One comment on your study - the swizzle used by Blosc should be set by the Bits Allocated (0028,0100), and only used if this value is greater than 8. You can also do this by seeing whether byte n is is best predicted by n-1 (no blosc), n-2 (16-bit blosc), n-3 (24-bit blosc), n-4 (32-bit blosc) or n-8 ( 64-bit blosc). You can do this in a single pass through the data. For example, your us data is uchar 8-bit, and therefore a Blosc swizzle will be deleterious. I also wonder if the blosc was set to 64-bit swizzle (as pixeltype is double) for your PET data, as the blosc+zstd results for the PET images don’t look optimal to me. I assume this is how a future variant of zstd will work. Indeed, one calculate the n-back prediction in the main thread, so an optimal swizzle would only happen if needed. This would add virtually no penalty when swizzling does not help.

(Stephen Aylward) #13

I spoke with Ken Martin about updating MetaIO in VTK to use an addition 3rd party library. His comments were the following:

=========
Right now third party libs have to be mangled so be aware of that. I would suggest posting to VTK discourse and see if there is any resistance. The usual resistance would be

  • size (huge is bad)
  • portability (e.g. doesn;t compile on * which is a problem)
  • minimal added value (e.g. does the same thing as * which we already have, so why add more, we have zlib, lzma, lz4, zfp already for example)
2 Likes
(Andras Lasso) #14

Adding an option to split the data to tiles (e.g., each slice of a 3D volume could be a tile) and compress each tile independently using current zlib would allow parallel compression/decompression on many threads and would allow extraction parts the data set without requiring decompressing everything else before. It would probably fulfill all requirements of our projects.

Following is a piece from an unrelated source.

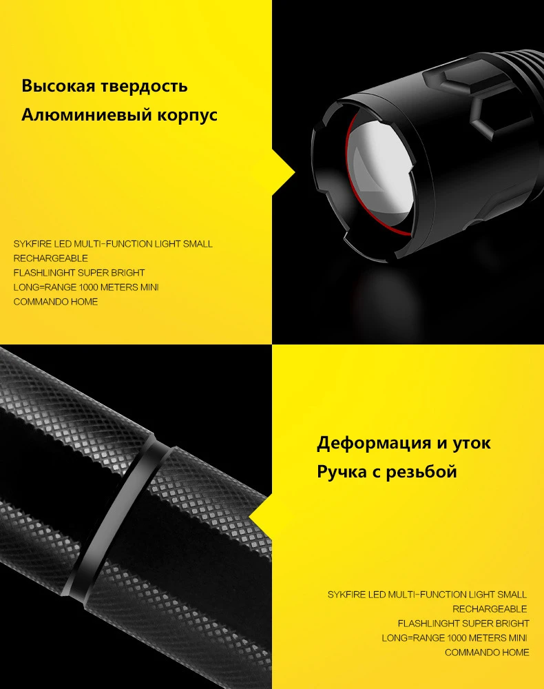 P7026 параметр Описание: Бренд: Бретт Название продукта: светодиодный фонарик Модель: P7026 Источник света: Cree xhp70.2 Внешний вид цвет: черный 5 режим передачи: высокий свет-яркий-низкий свет-SOS-вспышка Размер: 280 мм x 53 мм Источник питания: 2 аккумулятора 18650 или 2 аккумулятора 26650 Время освещения: 3-8 часов Метод зарядки: Прямая зарядка через USB (поддерживает 4,2-5 В) Диапазон: 500 метров Масштабирование: поверните с переменным фокусным расстоянием Другие особенности: экстренная зарядка мобильного телефона Водонепроницаемый Рейтинг: IPX-6 Вес: 280 г (без аккумулятора) Материал: T6063-T6 авиационный алюминий Применение: езда, охота, патруль, строительство, прогулки, дом, техническое обслуживание, поиск и спасение

MetaIO specification may already support this, because you can specify multiple data files for a single header.

It would be great if we could focus all our efforts on one research image file format (nrrd, nifti, metaio,…?). Implementing the same features in several file formats and maintain converters between them is a lot of unnecessary work.

(Bradley Lowekamp) #15

Here is the PR for this improvement:

The CompressionLevel is mostly straight forward. With the caveat: some compression algos have the range 0-100, while others have 0-9 (deflate/zlib based). In this implementation I choose to have each ImageIO define a max. This preserves compatibility, at the expense of not having a consistent range.

1 Like